The government is of view that the transfer of these sums to the Consolidated Fund of India would help judicious deployment of fund, but political opposition has criticized this move, as in their opinion the decision may undermine the decentralized manner of funding local area development.
Apart from this political tussle, the decision has revived the debate regarding the relevance of MPLAD scheme.
What is the MPLAD Scheme?
The MPLAD scheme was formulated in 1993 to enable Members of Parliament (MPs) to recommend development works in their constituencies with emphasis on the creation of durable community assets based on the locally felt need.
Durable assets of national priorities and community needs viz. drinking water, primary education, public health, sanitation and roads, etc.
Initially, the Scheme was under the control of the Ministry of Rural Development and Planning. In October, 1994, the scheme was transferred to the Ministry of Statistics & Programme Implementation.

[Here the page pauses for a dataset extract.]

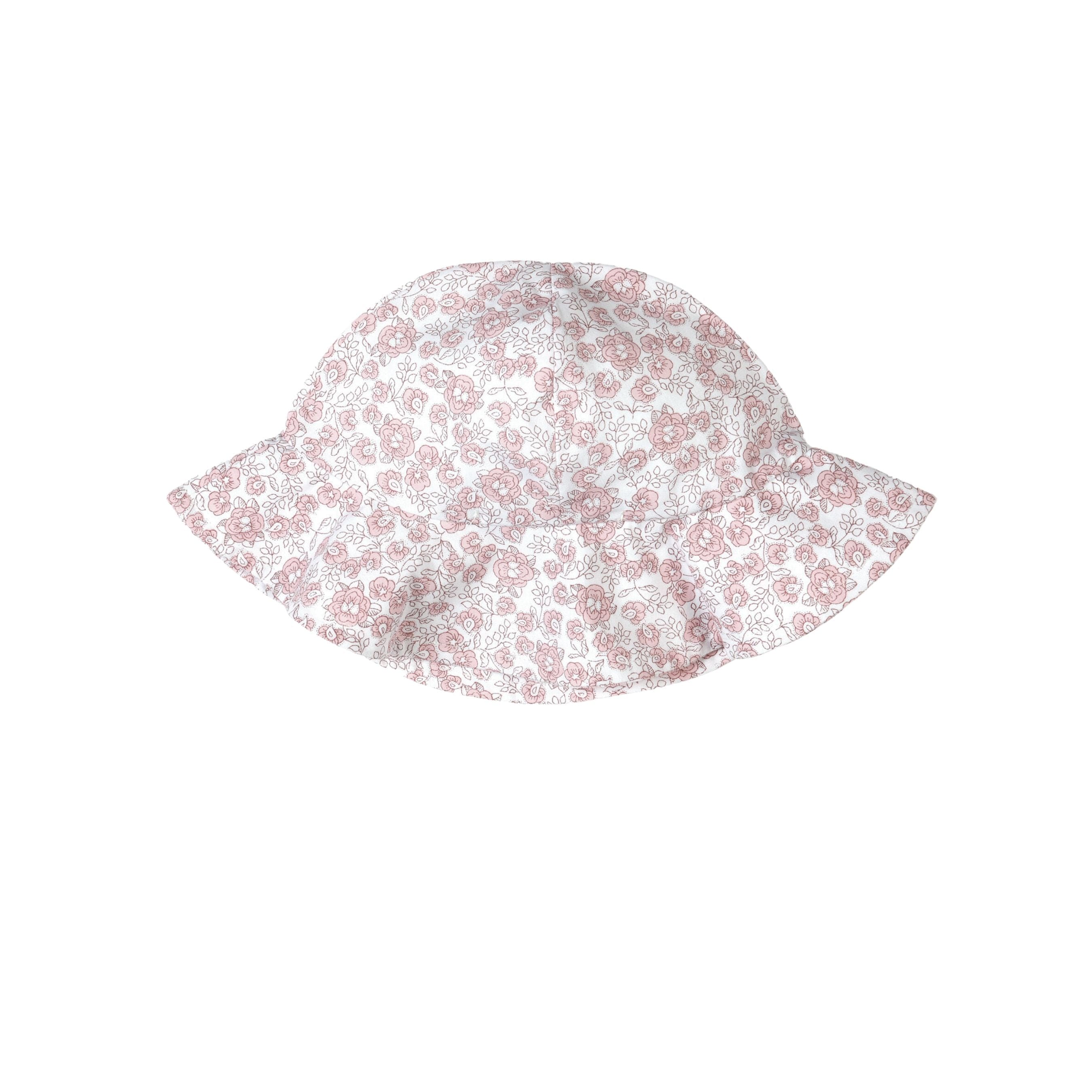 ROSE DOUCE | Girls - Chapeau de soleil rose en coton à imprimé floral

Under this scheme,every MP is entitled to spend Rs 5 crore annually.
Similar to MPLADS, several states have enacted schemes called Member of Legislative Assembly Local Area Development Scheme (MLALADS) where funds are given to MLAs.
According to the ‘Guidelines on Members of Parliament Local Area Development Scheme (MPLADS)’ published by the Ministry of Statistics and Programme Implementation in June 2016, the MPLAD funds can also be used for implementation of the schemes such as Swachh Bharat Abhiyan, Accessible India Campaign (Sugamya Bharat Abhiyan), conservation of water through rain water harvesting and Sansad Aadarsh Gram Yojana, etc.

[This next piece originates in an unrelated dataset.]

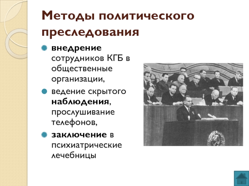 Методы политического преследованиявнедрение сотрудников КГБ в общественные организации, ведение скрытого наблюдения, прослушивание телефонов, заключение в психиатрические лечебницы

Issues Related to MPLAD Scheme
Breach of Federalism
Union Government can incur expenditure only with respect to matters over which it has subject domain as per seventh schedule.
MPLADS encroaches upon the domain of local self governing institutions and thereby violates Part IX and IX-A of the Constitution.
Conflict with Doctrine of Separation of Powers
The Scheme disturbs the scheme of separation of powers under the Constitution,as MPs are getting involved in executive functions.
MPLAD scheme gives scope for MPs to utilise the funds as a source of patronage that they can dispense at will.
The CAG has flagged instances of financial mismanagement and artificial inflation of amounts spent.
Also, the scheme is alleged to be marred by the nexus of MP and private firms.
Due to this sometimes spending of MPLADS funds is seen for private works, recommending funds to ineligible agencies, diverting funds to private trusts, etc.
No Statutory Backing
The MPLAD Scheme is not governed by any statutory law and is subject to the whims and fancies of the government of the day.
Some Commission Recommendations
In 2002, the National Commission to Review the Working of the Constitution recommended immediate discontinuation of the MPLAD scheme on the ground that it was inconsistent with the spirit of federalism and distribution of powers between the centre and the state.
Similar thing has also been taken by the 2nd Administrative Reforms Commission’s report 2007.
Constitutionality of the Scheme
Based on above arguments the MPLADS was challenged in the Supreme Court (SC) in 2010. A five-judge bench of the SC held that:
Indian Constitution does not recognise strict separation of powers.
Even though MPs have been given a seemingly executive function, their role is limited to ‘recommending’ works and actual implementation is done by the local authorities.
Therefore, the scheme does not violate separation of powers
India has a quasi-federal nature of the Constitution.
Article 282 held that both the Union and the State have the power to make grants for a purpose irrespective of whether the subject matter of the purpose falls in the Seventh Schedule provided that the purpose is “public purpose” within the meaning of the Constitution.
Also, the Scheme falls within the meaning of “public purpose” aiming for the fulfillment of the development and welfare of the State as reflected in the Directive Principles of State Policy.
Also there are robust accountability mechanisms for the scheme as it comes under the RTI Act.